The regulations governing EB-5 Immigrant Investor Visa Program in the USA were amended On July 24, 2019, by the Homeland Security Department. These reflect statutory modifications and modernization of the EB-5 program. Presently, one can obtain the permanent visa by invest $500k in such businesses that create 10 jobs in a top unemployment area; or invest $1million in any place of the U.S., and create ten jobs.
The changes, significant to investors from India are:
• Increased amount of minimum investment and exclusion of $500k investment level,
• Priority date retention to some EB-5 investors, and
• High standards for target employment areas
This rule will take effect on November 21, 2019, and the intervening time is essential for investors.
The Increased Level of Investment
These Investor levels were revised to reveal the contemporary dollar value of the invested amount and were established in 1990. The authorities now adjusted the amounts accommodating the inflation happening from 1990 till 2015, measured through the Consumer Price Index. The new amount is set for adjustment in every five years in the future calculated on the CPI. The $1 million level is set to increase to $1.8 million, and the level for investments in target employment areas will be $900k from $500k.
Priority Date retention:
Some of the EB-5 petitioners can retain the priority date when the EB-5 petition is approved first. This is supportive to petitioners since in case the invested business collapses or cannot support the required job creation, a substitute investment can be put in its place, and the petitioner can retain the priority date in the visa category. The retention of priority date permits a petitioner, in maintaining the place, and also to find another suitable business, for investing. An Indian investor can get a conditional visa following submission of form I-526 petition and on approval, without waiting in the back-log line.

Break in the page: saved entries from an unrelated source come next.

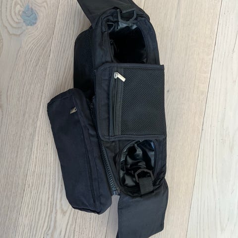 Britax organizer/koppholder til barnevogn i svart tekstil. Organizeren festes på håndtaket og har flere rom for oppbevaring av småting som flasker, kopper og tilbehør. Den har to kopp-/flaskeholdere som holder drikke varme/kalde, og et midtrom for nøkler, mobil eller andre små gjenstander. Passer til barnevogner som er kompatible med Britax-tilbehør av denne typen.
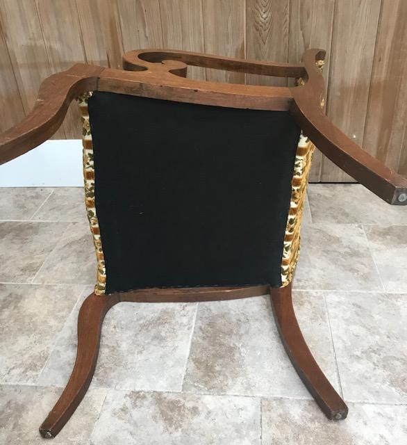 Description: Antique armchair in soft olive color fabric. Measurement approximate: 32 H X 23 W / Seat - 21 W x 19 Length. Shipping Cost: Local pick up only or contact us for quote.
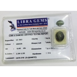 REPORT.NO.-LC 363CLARITY.-N/ACOLOUR.-GREENSHAPE/CUT.-OVALWT.-6.44 CTSDIMENSION.-2-1.10-1.7-9.R.INDEX.-1.54-1.55HARDNESS.-7.5COMMENT.-CATS EYE { S . QUARTZ }..
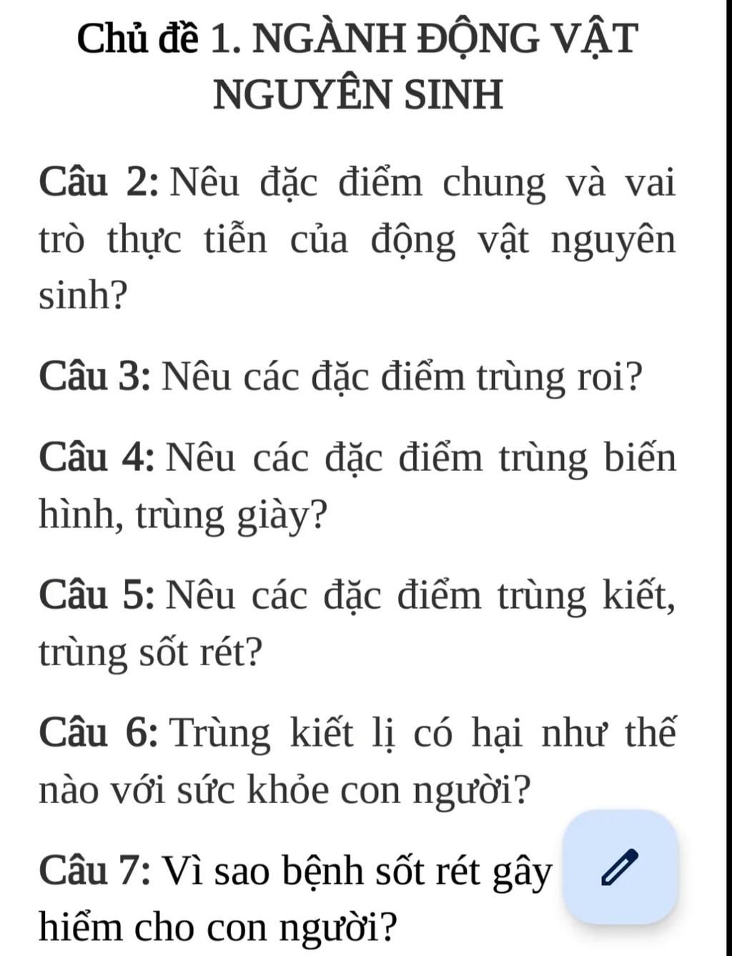 câu 2 Đặc điểm chung của động vật nguyên sinh vừa đúng cho loài sống tự do lẫn loài sống kí sinh là: ... – Cơ thể chỉ có cấu tạo 1 tế bào nhưng đảm nhiệm mọi chức năng sống. – Sinh sản vô tính theo kiểu phân đôi. – Phần lớn: dị dưỡng; di chuyển bằng chân giả, lông bơi hoặc roi bơi, một số không di chuyển.
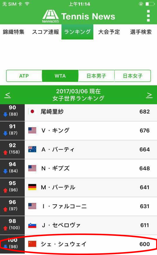據臺灣三立新聞網21日報道,20日深夜,謝淑薇在臉譜貼出日本網站列出的女子網球運動員世界排名。其中排在單打第100位的她,前方的旗幟不是“青天白日滿地紅旗”,也不是“梅花旗”,而是大陸的五星紅旗,讓謝淑薇感到“無言,也很不解”。
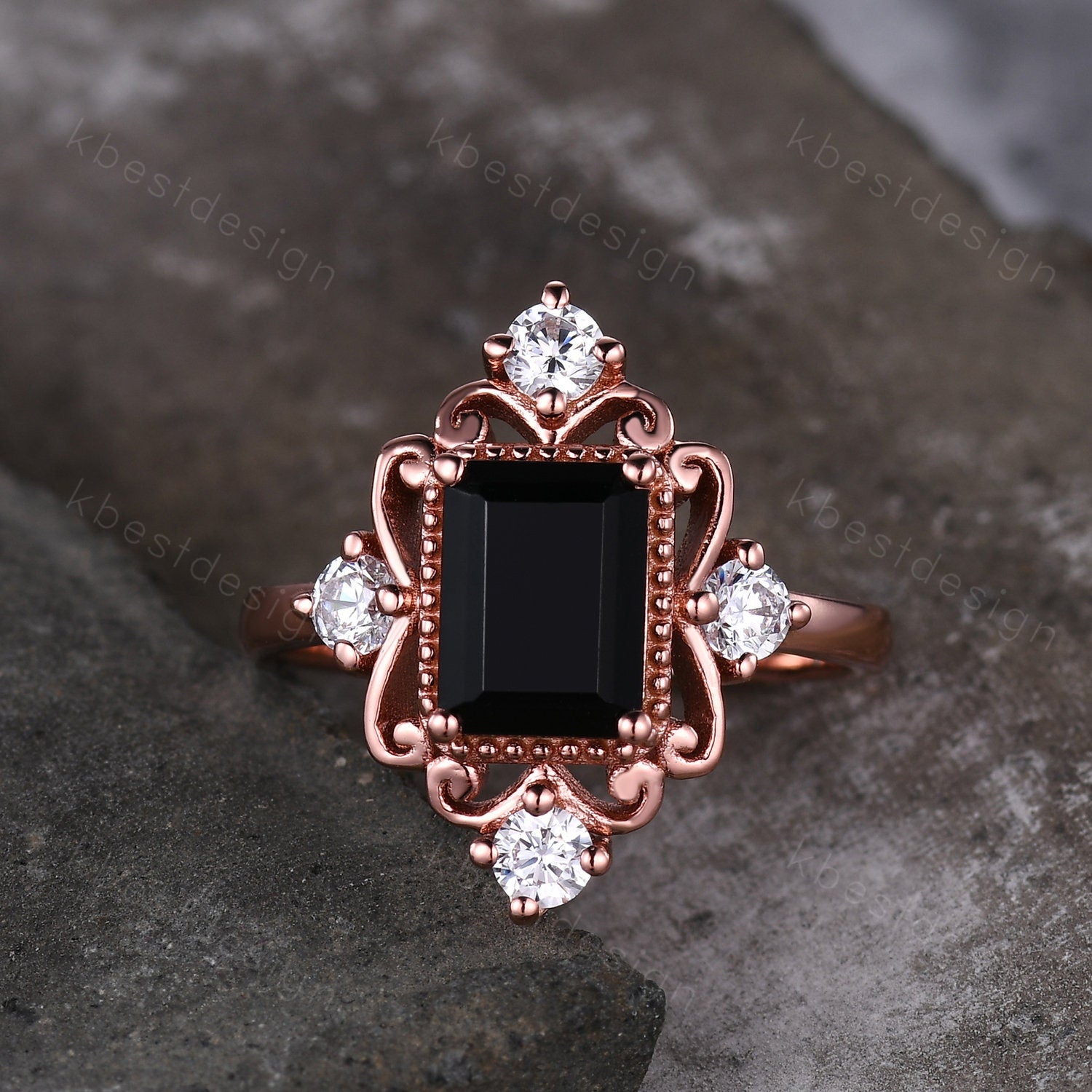 This is a Vintage black onyx engagement ring 6x8mm emerald cut black onyx ring unique antique moissanite ring black stone ring rose gold Bridal ring
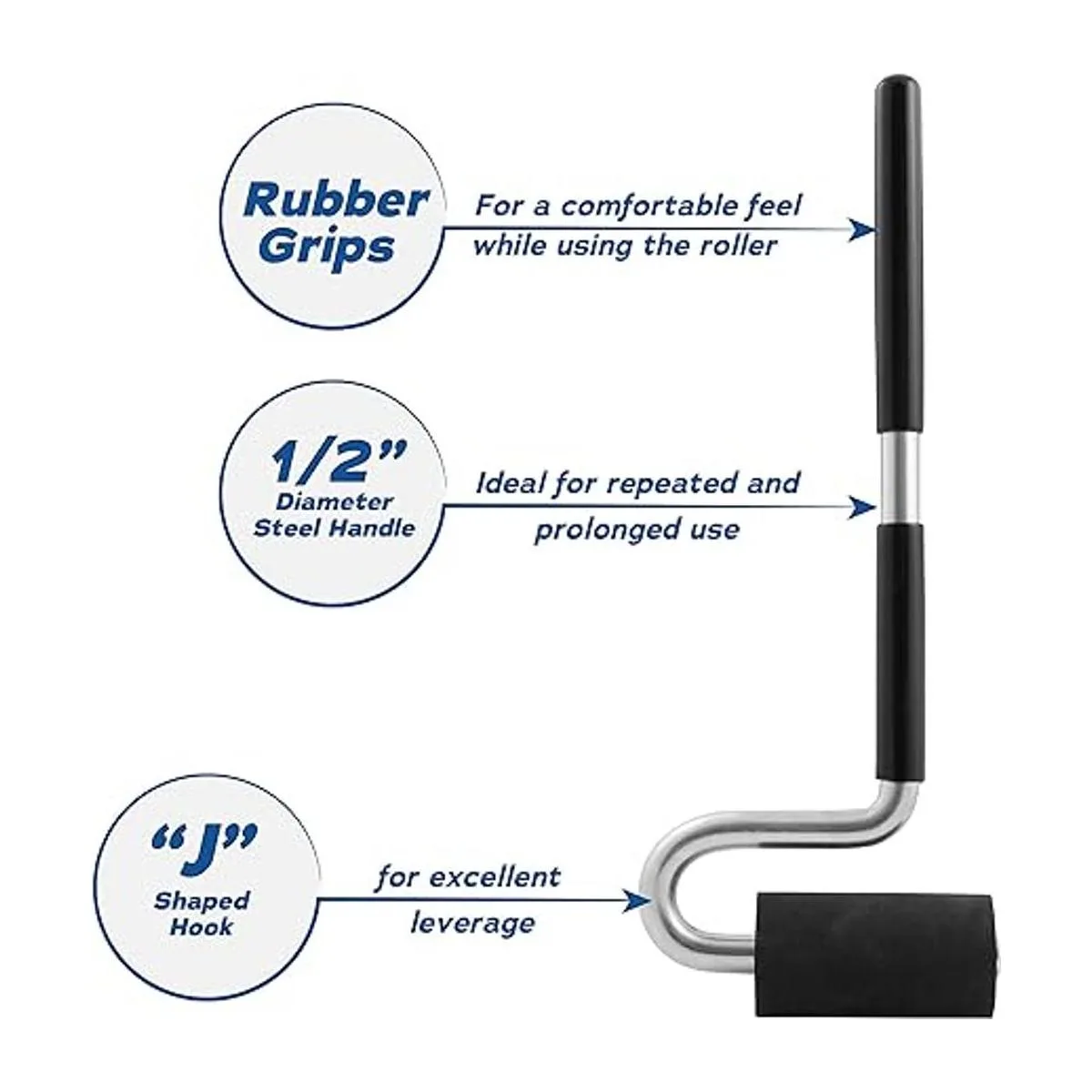 El mango de acero resistente está diseñado para ayudarte a ejercer tanta presión como sea posible en la superficie de trabajo. El mango está envuelto con dos secciones separadas de cómodos agarres de goma para un uso prolongado y menos fatiga de la mano. La parte inferior del mango forma la J para fijar el rodillo de goma resistente sin interponerse en el camino de tu proceso de rodamiento.
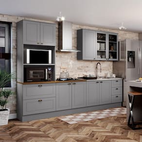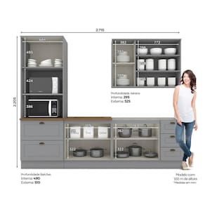 Cozinha Completa Emily 4 Peças, possui 220,5 cm de Altura, 271,5 cm de Largura e 53,5 cm de Profundidade. Um novo conceito inspirado nas clássicas cozinhas estilo americano, seu design contemporâneo embeleza qualquer ambiente. Projetado para proporcionar praticidade e funcionalidade ao uso. Produto 100% MDF, disponibiliza de várias opções de módulos que possibilitam diversas composições lineares, possui detalhes usinados em baixo relevo nas portas e gavetas, puxadores nos balcões em formato de concha e nos aéreos são pontuais, ambos na cor ouro velho, possui dobradiças de 35mm com amortecimento, gavetas com corrediças telescópicas proporcionando maior abertura. A sua instalação pode ser feita tanto com o uso dos rodapés ou suspensa.
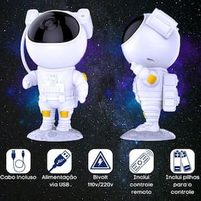 Luminaria Projetor De Luz Astronauta Galaxy Ligth Estrelas QUALIDADE SUPER REALISTA EFEITO GALÁXIA NEBULOSAOlá, amantes do espaço Prepare-se para embarcar em uma viagem cósmica com a Luminária de Astronauta com Projeção de Luzes ColoridasInovação Astronômica: A luminária que vai encantar as crianças e despertar a imaginação de todas as idades.Imagine só: uma noite estrelada dentro do seu quarto, com constelações brilhantes e planetas coloridos dançando no tetoAs crianças adoram ver suas luzes no teto, e com a Luminária de Astronauta, elas terão uma experiência mágica.Recursos Incríveis: A luminária conta com uma tecnologia avançada de projeção, que transforma qualquer ambiente em um planetário particularFácil de Usar: Basta ligar a Luminária de Astronauta, apontar para o teto e pronto Em um instante, você estará imerso em um espetáculo estelar. Sem esforço.Presenteie seus filhos com uma experiência que vai além da imaginação.ESPECIFICAÇÕES TÉCNICAS:Voltagem: Bi Volt 110v/220vPeso: 390 gramasFonte de alimentação: Via cabo USB Já incluso Tensão avaliado: 5V=1APotência nominal: 5wComprimento de onda de laser: 532nmModo de controle: Controle RemotoDistância do controle remoto: Marca: Shopbr
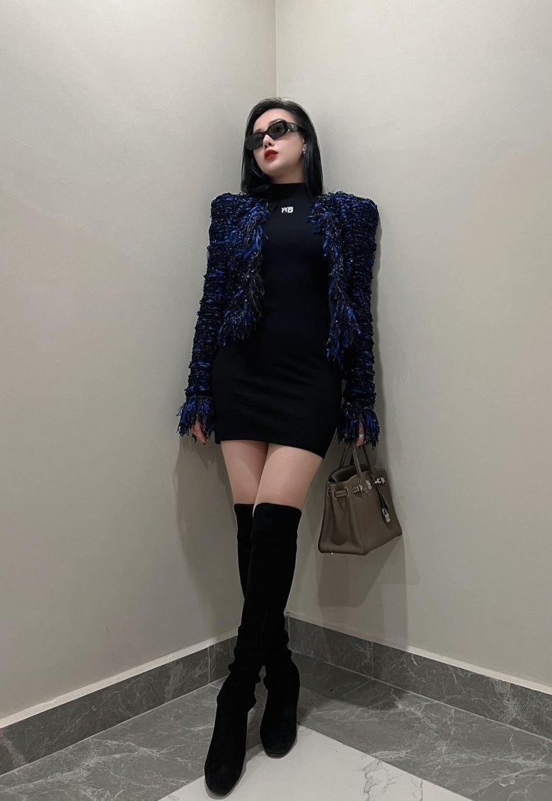 Quỳnh Búp Bê diện một bộ trang phục năng động với áo hoodie trẻ trung. Mỹ nhân sinh năm 1989 diện cùng chiếc váy ngắn cũn, khoe đôi chân thon. Chiếc túi Chanel Boy Flap Bag phiên bản giới hạn, trị giá trên dưới 5 nghìn đô được Phương Oanh trưng dụng, toát lên khí chất "tổng tài".
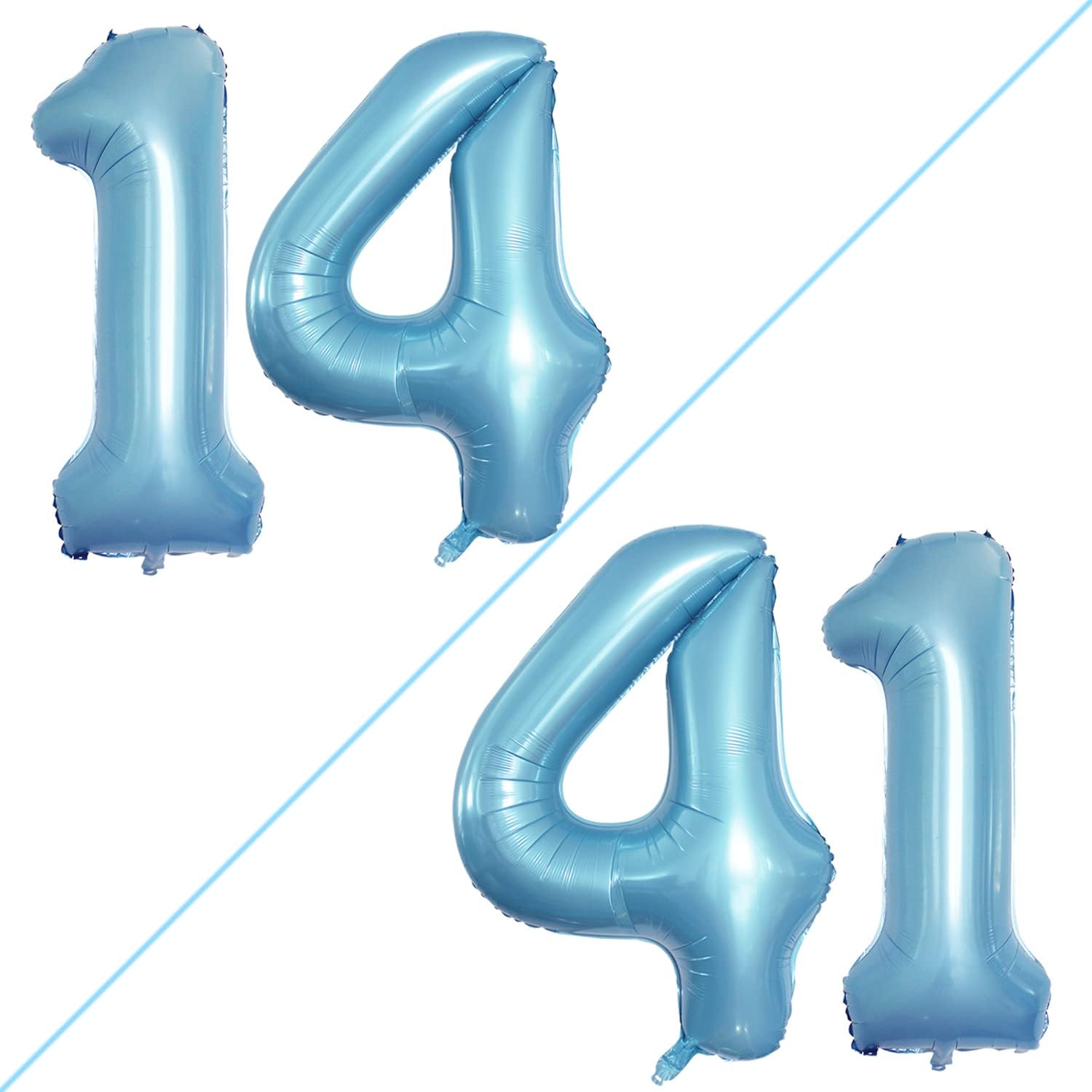 GOER Number 14 Balloons for 14th Birthday Sweet 14 Party Decorations,42 Inch Jumbo Foil Helium 41 Balloons for 41st Birthday Party Decoration (Light Blue)
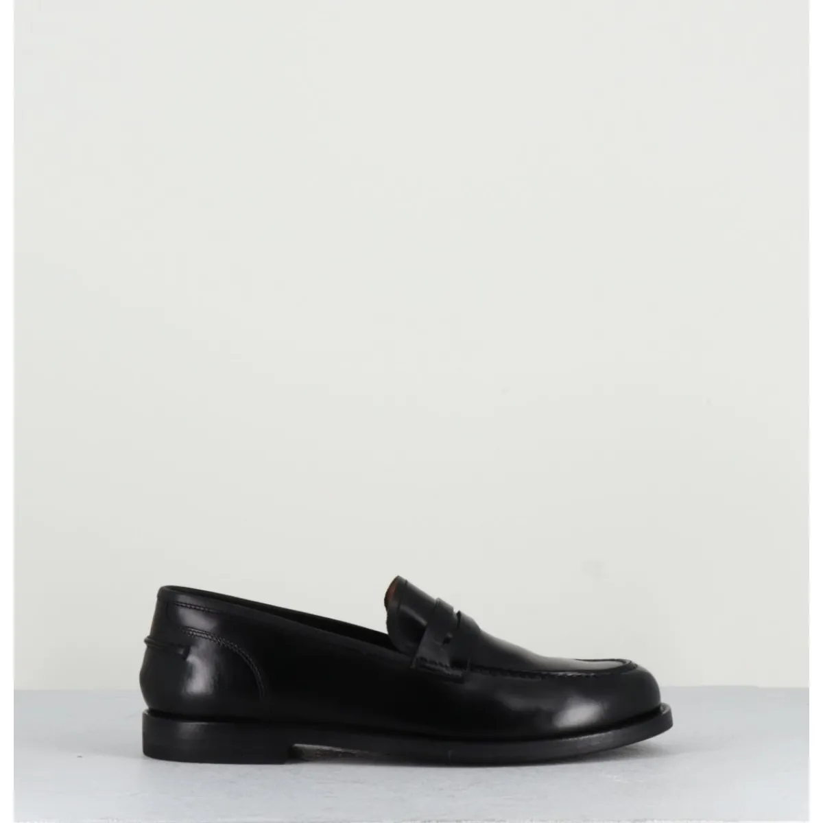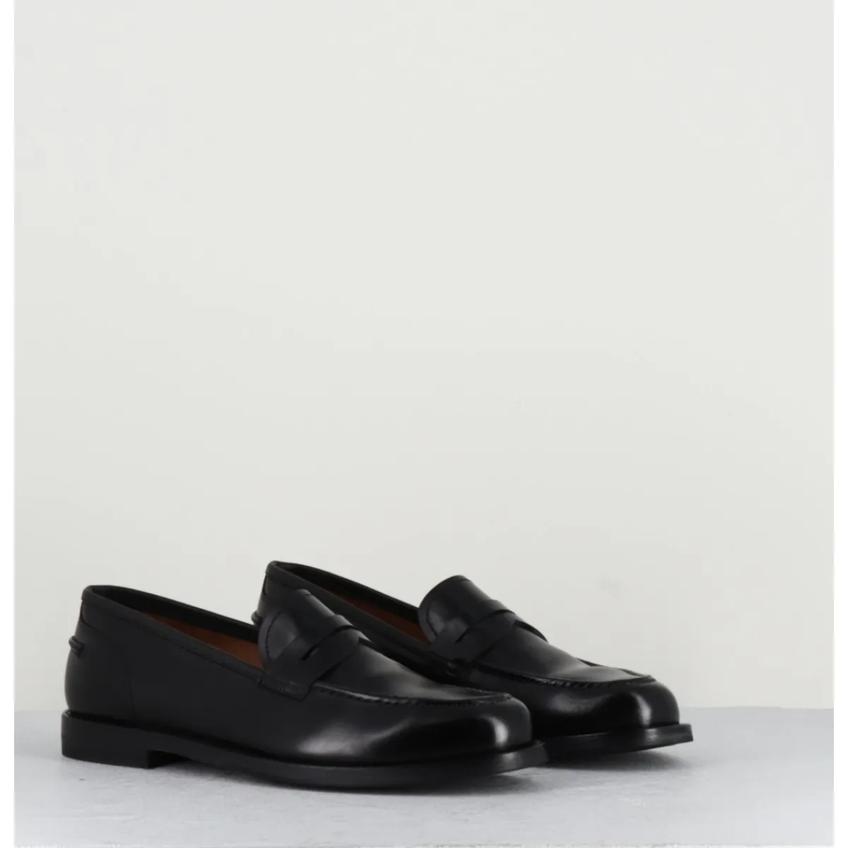 Mocassins en cuir noir légèrement glacé, montés sur une semelle en cuir et gomme cousue main.
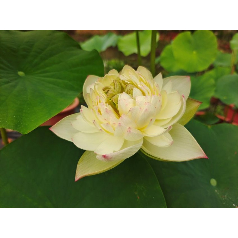 Le Nelumbo 'Chinese Beauty Dian' est un grand lotus majestueux aux fleurs doubles blanc crème finement bordées de rose, il nécessite de grands contenants pour exprimer toute sa beauté.
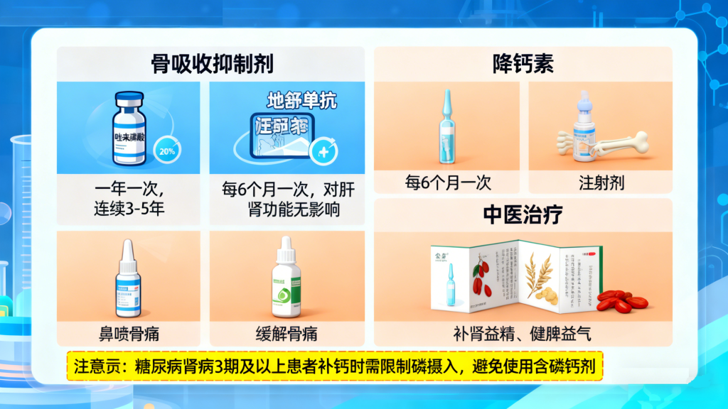 若确诊骨质疏松,需在专科医生指导下使用抗骨质疏松药物。常用药物包括:骨吸收抑制剂(如唑来膦酸,一年注射一次,连续3~5年;地舒单抗,每6个月注射一次,对肝肾功能无影响)、降钙素(可缓解骨痛,有鼻喷剂和注射剂两种形式);中医治疗则以补肾益精、健脾益气为原则,可选用骨疏康胶囊、芪骨胶囊等中成药。需注意,糖尿病肾病3期及以上患者补钙时需限制磷摄入,避免使用含磷钙剂。
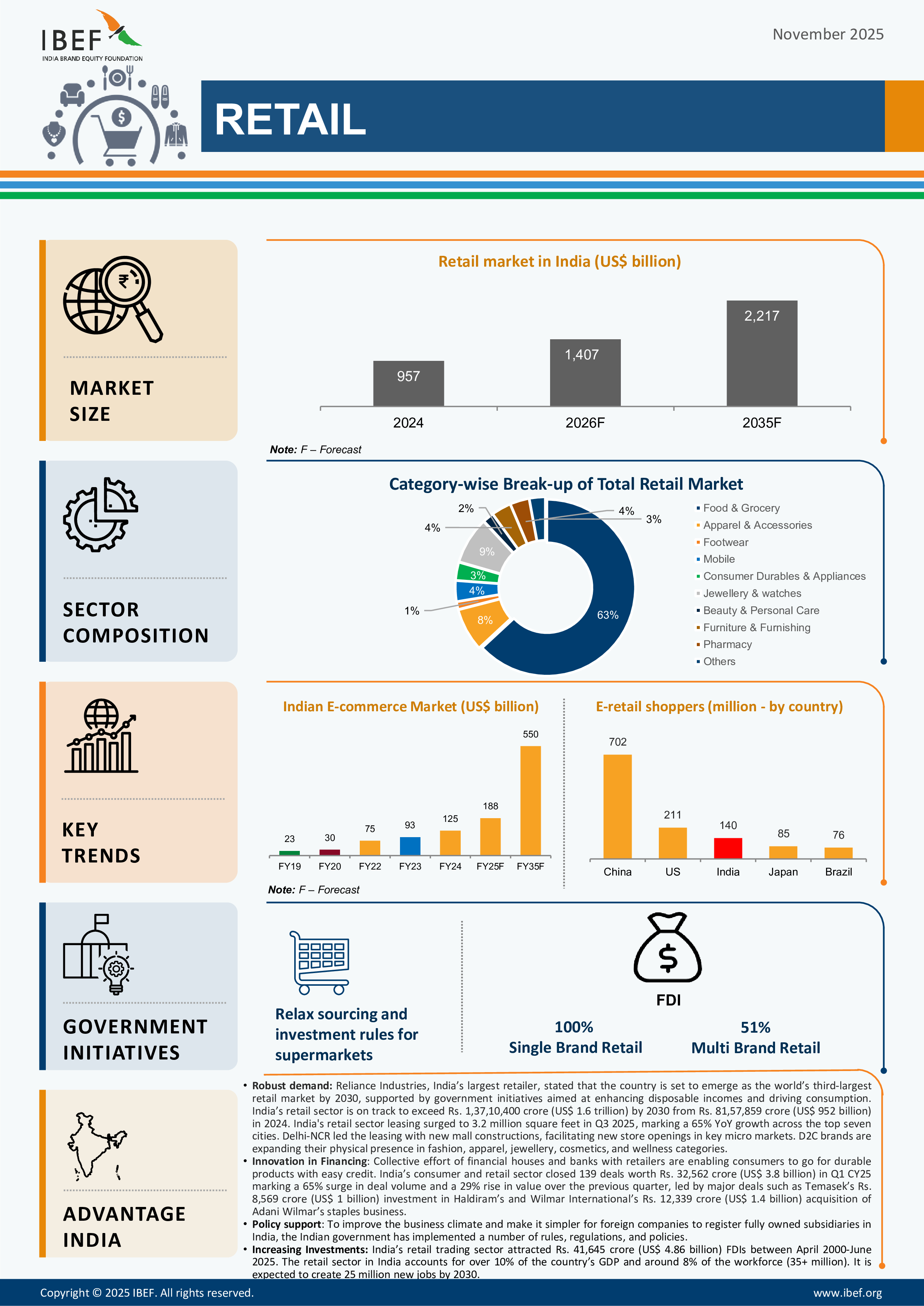 *Reliance Industries, India’s largest retailer, stated that the country is set to emerge as the world’s third-largest retail market by 2030, supported by government initiatives aimed at enhancing disposable incomes and driving consumption.

The new rule will also eliminate ability of each state to designate some areas to be high unemployment, and assigns this task to the Department. This new rule will prove difficult for businesses to demonstrate that they are a part of high unemployment census. States like California made TEA Designations enthusiastically obtainable. This change will also reduce the amount of business that can qualify as the TEA. For all Indian investors, this means fewer businesses that qualify as a TEA, and obtaining the investor visas by spending $900k.